When a message is placed on a queue, an inverse operation occurs via ImageProcessingQueue.SubmitMessage<T> and QueueMessage.CreateFromArguments<T>.  In Line 8 below, you can see that CreateFromArguments accepts the clientId and requestId as parameters as well as the specific queue’s URI – these, again, are the three properties that are part of all messages in the Photo Mosaics application.  The message-specific properties are passed in the params argument.

   1: public void SubmitMessage<T>(String clientId, Guid requestId, params object[] parms) 
                                                                 where T : QueueMessage, new()
   2: {
   3:     T parsedMsg = default(T);
   4:  
   5:     this.RawQueue.CreateIfNotExist();
   6:     try
   7:     {
   8:         parsedMsg = QueueMessage.CreateFromArguments<T>(
                                               this.RawQueue.Uri, clientId, requestId, parms);
   9:         this.RawQueue.AddMessage(new CloudQueueMessage(parsedMsg.Payload));
  10:     }
  11:     catch (QueueMessageFormatException qfme)
  12:     {
  13:         // exception handling code elided for brevity
  14:     }
  15: }

 

   1: internal static T CreateFromArguments<T>(Uri queueUri, String clientId, 
                          Guid requestId, params object[] parms) where T : QueueMessage, new()
   2: {
   3:     T newQueueMessage = new T();
   4:  
   5:     // pull arguments into payload arrays
   6:     newQueueMessage._queueUri = queueUri.ToString();
   7:     newQueueMessage._clientId = clientId;
   8:     newQueueMessage._requestId = requestId.ToString();
   9:     newQueueMessage._components = (from p in parms select p.ToString()).ToList<String>();
  10:  
  11:     // parse into strongly typed message fields
  12:     newQueueMessage.Parse();
  13:  
  14:     // return the new message instance
  15:     return newQueueMessage;
  16: }

What we’ll see in the next post is how code in the web and worker roles of the application leverage AcceptMessage, SubmitMessage, and the QueueMessage instances to carry out the workflow of the Photo Mosaics application.

Key Takeaways

I realize that was quite of lot of technical content to absorb, and if you’re really interested in understanding it, you’re likely poring over the code now.  If I lost you as soon as you scrolled past the first screen – no worries.   I feel the biggest takeaway from this post is that creating a flexible and fault-tolerant infrastructure for handling your messaging between the various roles in your application is paramount.   The time you spend doing that will reap rewards later as you’re building out the processing for the application and as new requirements and unforeseen challenges surface.  I don’t suggest that the framework I’ve set up here is ideal; however, some sort of framework is recommended, and hopefully this post has provided some food-for-thought.
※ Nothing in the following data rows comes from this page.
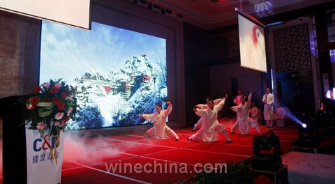 在最后的晚宴上,现场嘉宾不仅品味了美酒,而且还欣赏到了一系列精彩纷呈的表演节目,其中最受亲睐的当属由武当功夫团带来的武术表演《天下太极出武当》。8位武当传人在台上排成方阵,一招一式的太极拳使得刚柔并济,而且极具观赏性,引得台下阵阵掌声。
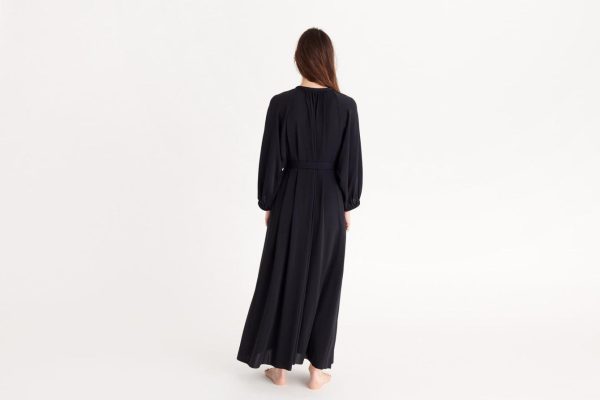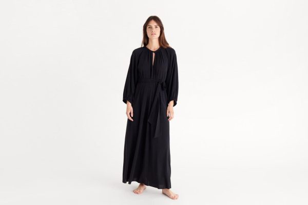 The jersey Beachwear range has grown this year to include the Adela long dress. Classic and timeless, it features long elasticated sleeves, and the slit at the neckline fastens with a press stud. The removable belt can be used to accentuate the waist as the mood takes you.
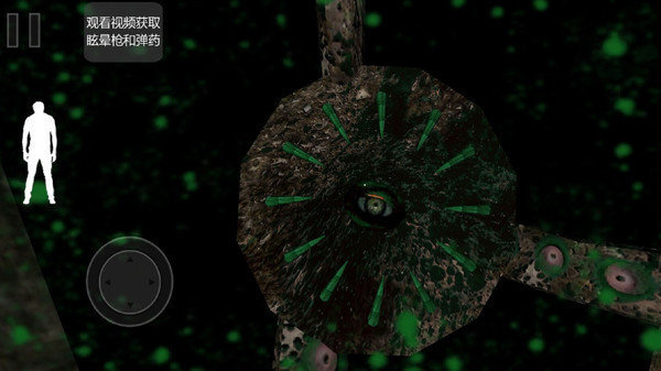 3、注意界面出现红色箭头,沿箭头指引,操控摇杆移动,探索场景收集物品,躲避敌人,朝目标方向推进。
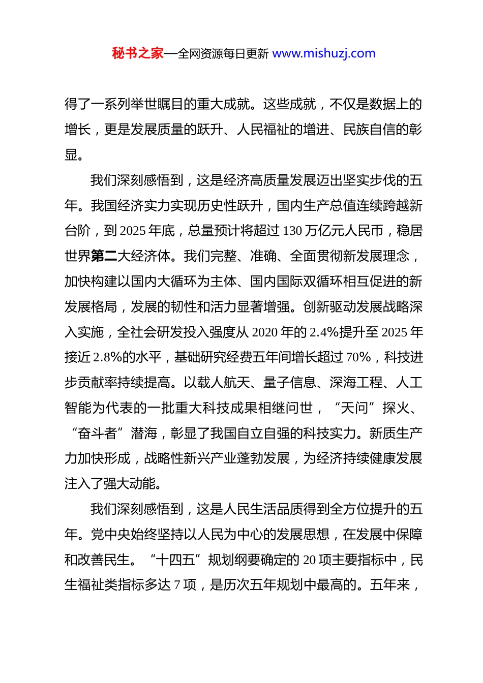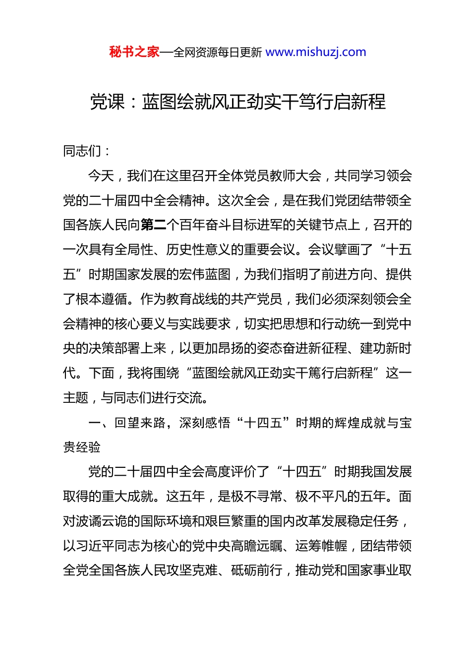 秘书之家—全网资源每日更新 www.mishuzj.com党课:蓝图绘就风正劲实干笃行启新程 同志们:今天,我们在这里召开全体党员教师大会,共同学习领会党的二十届四中全会精神。这次全会,是在我们党团结带领全国各族人民向第二个百年奋斗目标进军的关键节点上,召开的一次具有全局性、历史性意义的重要会议。会议擘画了“十五五”时期国家发展的宏伟蓝图,为我们指明了前进方向、提供了根本遵循。作为教育战线的共产党员,我们必须深刻领会全会精神的核心要义与实践要求,切实把思想和行动统一到党中央的决策部署上来,以更加昂扬的姿态奋进新征程、建功新时代。下面,我将围绕“蓝图绘就风正劲实干篤行启新程”这一主题,与同志们进行交流。一、回望来路,深刻感悟“十四五”时期的辉煌成就与宝贵经验党的二十届四中全会高度评价了“十四五”时期我国发展取得的重大成就。这五年,是极不寻常、极不平凡的五年。面对波谲云诡的国际环境和艰巨繁重的国内改革发展稳定任务,以习近平同志为核心的党中央高瞻远瞩、运筹帷幄,团结带领全党全国各族人民攻坚克难、砥砺前行,推动党和国家事业取秘书之家—全网资源每日更新 www.mishuzj.com得了一系列举世瞩目的重大成就。这些成就,不仅是数据上的增长,更是发展质量的跃升、人民福祉的增进、民族自信的彰显。我们深刻感悟到,这是经济高质量发展迈出坚实步伐的五年。我国经济实力实现历史性跃升,国内生产总值连续跨越新台阶,到 2025 年底,总量预计将超过 130 万亿元人民币,稳居世界第二大经济体。我们完整、准确、全面贯彻新发展理念,加快构建以国内大循环为主体、国内国际双循环相互促进的新发展格局,发展的韧性和活力显著增强。创新驱动发展战略深入实施,全社会研发投入强度从 2020 年的 2.4%提升至 2025 年接近 2.8%的水平,基础研究经费五年间增长超过 70%,科技进步贡献率持续提高。以载人航天、量子信息、深海工程、人工智能为代表的一批重大科技成果相继问世,“天问”探火、“奋斗者”潜海,彰显了我国自立自强的科技实力。新质生产力加快形成,战略性新兴产业蓬勃发展,为经济持续健康发展注入了强大动能。我们深刻感悟到,这是人民生活品质得到全方位提升的五年。党中央始终坚持以人民为中心的发展思想,在发展中保障和改善民生。“十四五”规划纲要确定的 20 项主要指标中,民生福祉类指标多达 7 项,是历次五年规划中最高的。五年来,秘书之家—全网资源每日更新 www.mishuzj.com民生领域财政投入累计近百万亿元,占全国一般公共预算支出的 70%以上。就业形势总体稳定,城镇新增就业每年都稳定在1200 万人以上。我们建成了世界上规模最大的社会保障体系,到 2025 年底,基本养老保险覆盖超过 10.7 亿人,基本医疗保险覆盖超过 13.3 亿人,人民群众的获得感、幸福感、安全感更加充实、更有保障、更可持续。居民人均可支配收入增长与经济增长基本同步,中等收入群体规模持续扩大,人民对美好生活的向往正在一步步变为现实。我们深刻感悟到,这是教育事业取得历史性成就、发生格局性变化的五年。教育是国之大计、党之大计。五年来,我国教育普及水平实现新提升,学前教育毛入园率超过 92%,九年义务教育巩固率达到 96%以上,高等教育毛入学率接近 65%,进入了世界公认的普及化阶段。劳动年龄人口平均受教育年限提高到 11.5 年,新增劳动力平均受教育年限更是超过 14 年,为建设现代化强国提供了坚实的人力资本支撑。教育公平迈出新步伐,城乡、区域、校际、群体间的教育差距持续缩小。教育质量实现新突破,立德树人根本任务得到有效落实,德智体美劳全面培养的教育体系更加完善。这些成就的取得,最根本在于有习近平总书记作为党中央的核心、全党的核心领航掌舵,在于有习近平新时代中国特色秘书之家—全网资源每日更新 www.mishuzj.com社会主义思想的科学指引。实践雄辩地证明,中国式现代化道路是符合中国国情、体现社会主义建设规律、顺应人类社会发展规律的康庄大道。我们作为党员教师,必须深刻认识“两个确立”的决定性意义,增强“四个意识”、坚定“四个自信”、做到“两个维护...
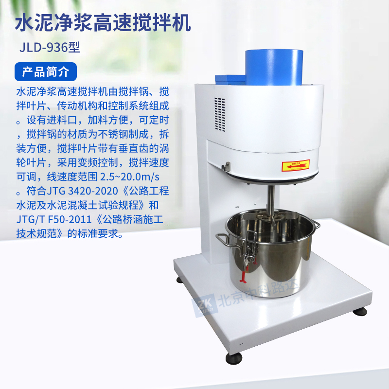 水泥凈漿高速攪拌機(jī)由攪拌鍋、攪拌葉片、傳動機(jī)構(gòu)和控制系統(tǒng)組成。設(shè)有進(jìn)料口,加料方便,可定時,攪拌鍋的材質(zhì)為不銹鋼制成,拆裝方便,攪拌葉片帶有垂直齒的渦輪葉片,采用變頻控制,攪拌速度可調(diào),線速度范圍 2.5~20.0m/s。符合JTG 3420-2020《公路工程水泥及水泥混凝土試驗規(guī)程》和JTG/T F50-2011《公路橋涵施工技術(shù)規(guī)范》的標(biāo)準(zhǔn)要求。...
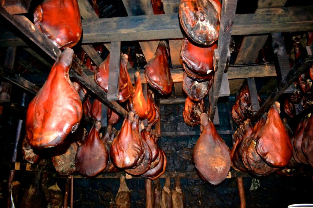 Традиционным и историческим является способ приготовления мяса под раскаленными докрасна углями. Мясо помещают в специальную посуду и накладывают сверху горячие куски угля. Нередко мясо варят в воде с добавлением молока и приправ. В туристических местах вам обязательно предложат ассорти «мешано мэсо», за один присест вы попробуете все национальные изюминки мясной кухни. Одно из основных национальных блюд Черногории — вяленый окорок, не уступающий по вкусу пармской ветчине. Хамон и пршут – это синонимы. Нежное, пикантное мясо является визитной карточкой закусочной карты ресторанов. В меру жирное, хорошо жуется и стоит весьма недорого в сравнении со своим испанским родственником.
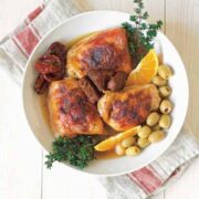 Do you prefer white meat or dark meat on chicken? I prefer dark meat over breast meat any day and this citrusy herbal chicken thigh dish was so easy to make in the Instant Pot (Amazon Affiliate Link). And my family fights over the dark meat too so of course, this rich and flavorful dish was a big hit when I served it the other night. If you prefer the dark meat too, you will love this Citrus Herb Basque Chicken recipe from a new Instant Pot Cookbook which is being published tomorrow called The Art of Great Cooking with Your Instant Pot by Emily Sunwell-Vidaurri of Recipes to Nourish. She loves Instant Pot as much as I do and her cookbook illustrates beautiful dishes you can create besides the usual stews and soups.
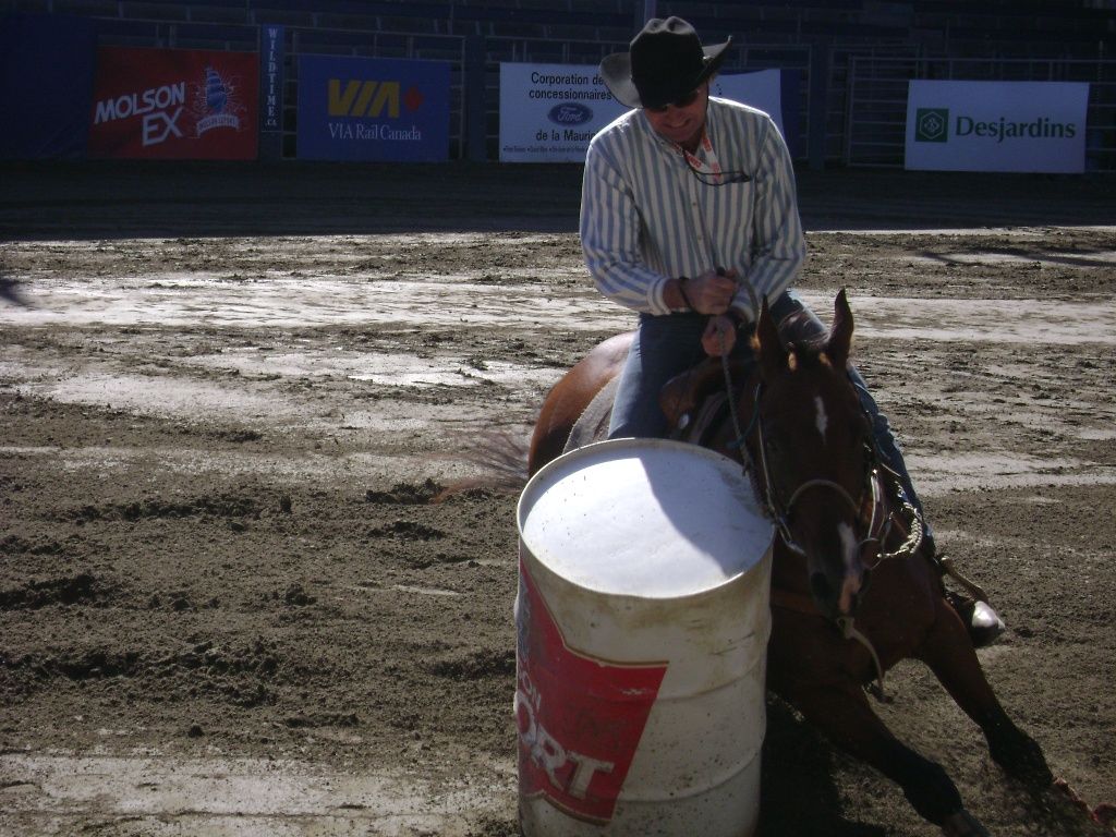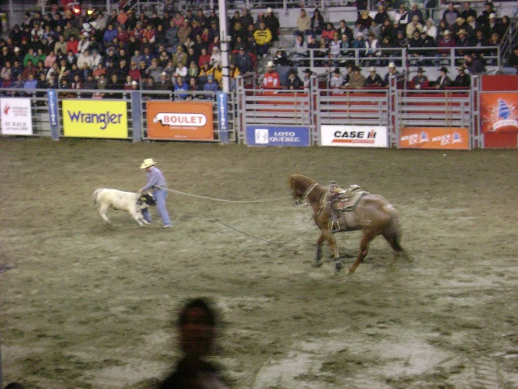 | Dire merci | D'ailleurs, on a vu un truc marrant dans une autre épreuve où il ne s'agissait pas de ligoter le veau mais de sauter du cheval et de retourner le veau les cornes sur le sol...le cow boy a loupé le veau avec la corde et le cheval reculait, reculait à toute vitesse pour essayer de tendre une corde qui n'avait rien attrappé... |
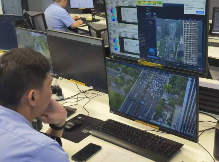 上午8点半,杭州迎来早高峰。在四季青中队勤务室里,记者看到民警正紧盯屏幕,时刻关注着车流变化。
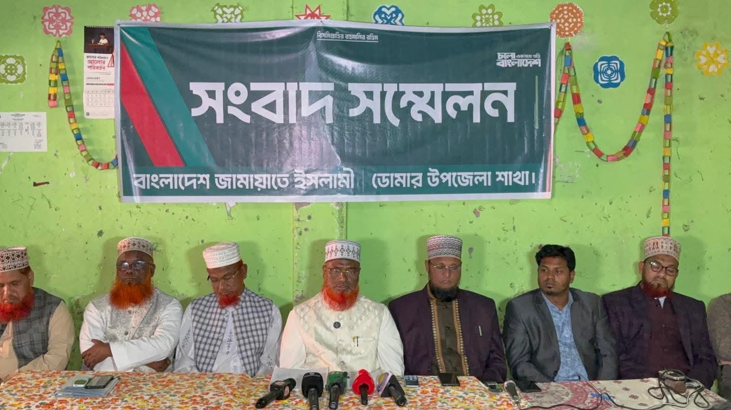 চিলাহাটিতে জামায়াত কার্যালয়ে হামলার প্রতিবাদে এমপি মাওলানা অধ্যক্ষ আব্দুস সাত্তারের সংবাদ সম্মেলন
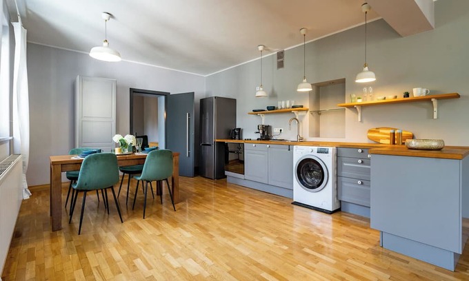 Platinium Spacious Apartment is an extremely spacious and stylishly decorated apartment featuring a living room with a kitchenette, two bedrooms, a bathroom, and a balcony where guests can relax and enjoy their morning coffee or an evening glass of wine. Guests have access to various amenities, including free WiFi, a TV, a washer-dryer, an iron, a hairdryer, a coffee machine, a refrigerator with a freezer, a dishwasher, an oven, and kitchen utensils.
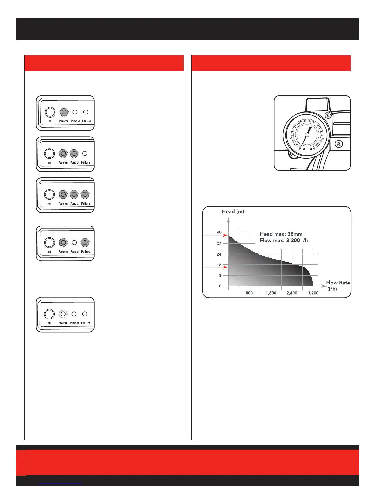 ‘GREEN Pump on’ LEDs solid
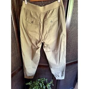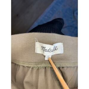 Cute pullon Joggers from Madewell. Elastic band waste with tie. Back buttoned pockets and font pockets. Elastic band ankles. Khaki color size medium. See photos for measurements.
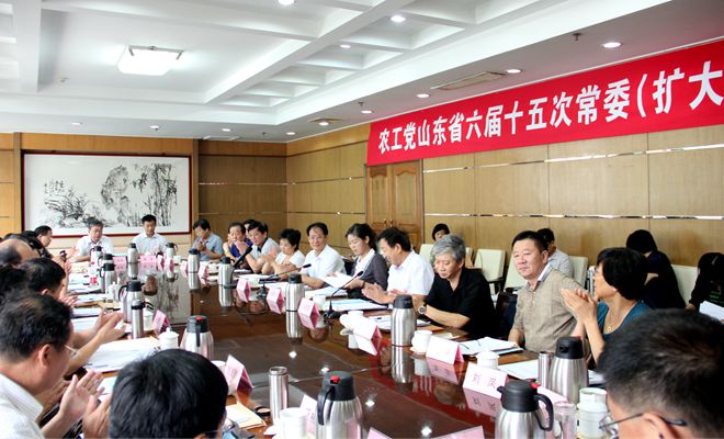 2016年8月8日, 农工党山东省六届十五次常委扩大会议在济南召开?;嵋樯钊胙傲讼敖阶苁榧窃谇熳V泄膊吵闪?5周年大会上的重要讲话精神,传达学习了中共山东省委十届十四次全体会议和省各民主党派、工商联负责人研讨班会议精神,部署安排了市级组织换届工作。农工党山东省委会主委段青英出席会议并讲话。
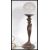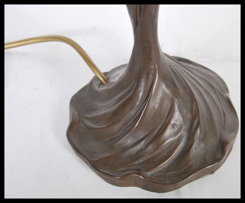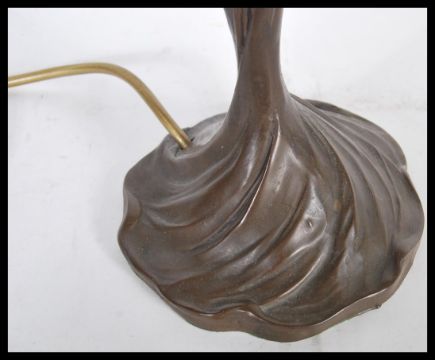 An Art Nouveau bronze effect table lamp in the form of a maiden holding a large globular opalescent shade. Measures 47 cm high.
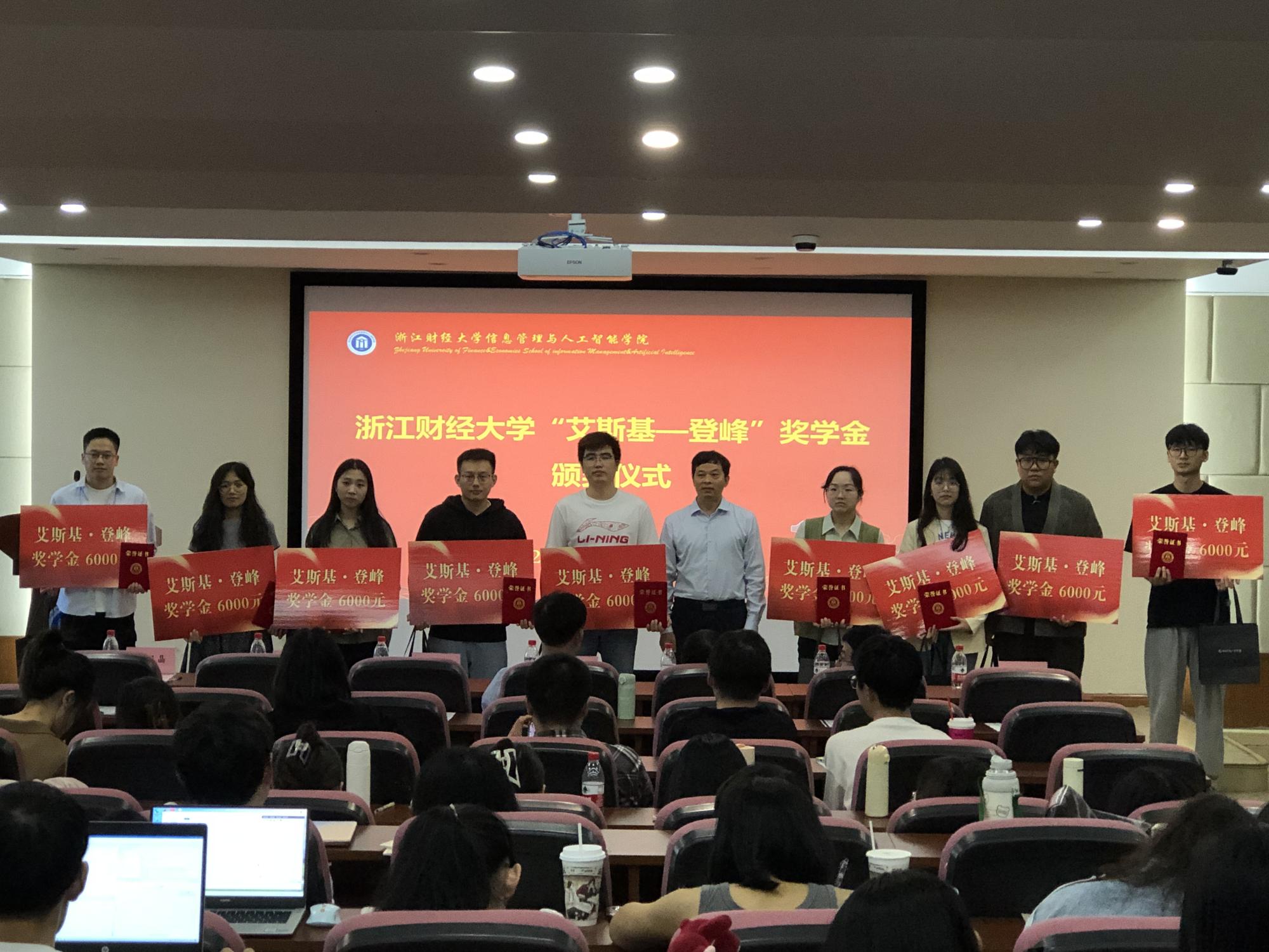 王建平校友为2023届申博成功的硕士毕业生颁发了2023年度“艾斯基—登峰”奖学金,并赠送了精美礼品。王建平校友通过分享自己在浙江财经大学上学的故事教导与会同学要珍惜美好年华,通过赠送公司产品望远镜鼓励信智学子登得更高、望得更远,在社会主义现代化建设新征程中再创佳绩。

Lastly, we haven’t talked much yet about diagnostics or monitoring, but it should be apparent that queues are one of the more significant barometers of how well the application is running in Windows Azure.   If the queue length gets too high, it may mean that you need additional web or worker roles to handle the additional requests.  On the other hand, if there’s never any wait time, perhaps the load is so light that you could dial down some of the roles you have spun up (and save some money).  We’ll look at Windows Azure diagnostics and tracing in a later blog post, and it’s through that mechanism that you can keep tabs on the application’s health and even respond automatically to bursts or lulls in activity made manifest by changes in queue length.